Homozygosity refers to having two identical alleles for a particular gene, which can be either dominant or recessive. In this context, the short-plant mutation is recessive, meaning that the phenotype (short height) is expressed only when both alleles are recessive. Understanding homozygosity is crucial for determining the genetic basis of the observed traits in the barley plants.

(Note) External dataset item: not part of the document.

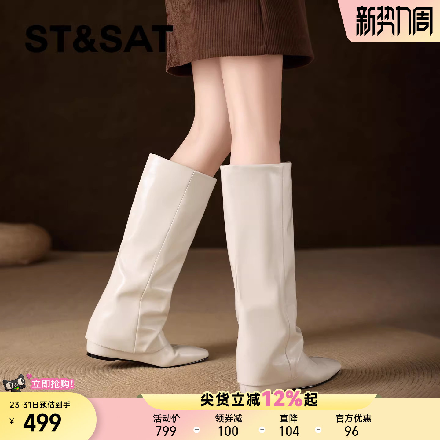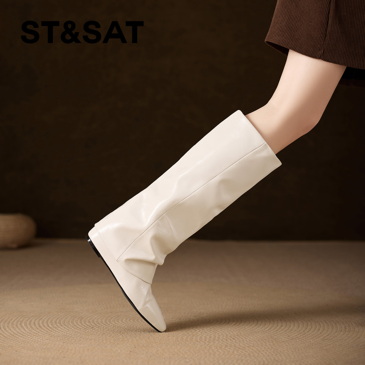 星期六直筒骑士靴女2025冬季新款方头内增高显瘦裤管靴西部靴长靴

A genetic complementation test is used to determine whether two mutations that produce similar phenotypes are in the same gene or in different genes. By crossing the two mutant lines and observing the phenotype of the offspring, researchers can infer whether the mutations complement each other (indicating different genes) or fail to complement (indicating the same gene). This test is a fundamental method in genetics for analyzing gene function.

Phenotypic analysis involves studying the observable characteristics of organisms, such as height in barley plants. By comparing the phenotypes of the mutant lines and their offspring, researchers can gather evidence about the genetic basis of the traits. This analysis is essential for understanding how mutations affect plant characteristics and for drawing conclusions about the underlying genetic mechanisms.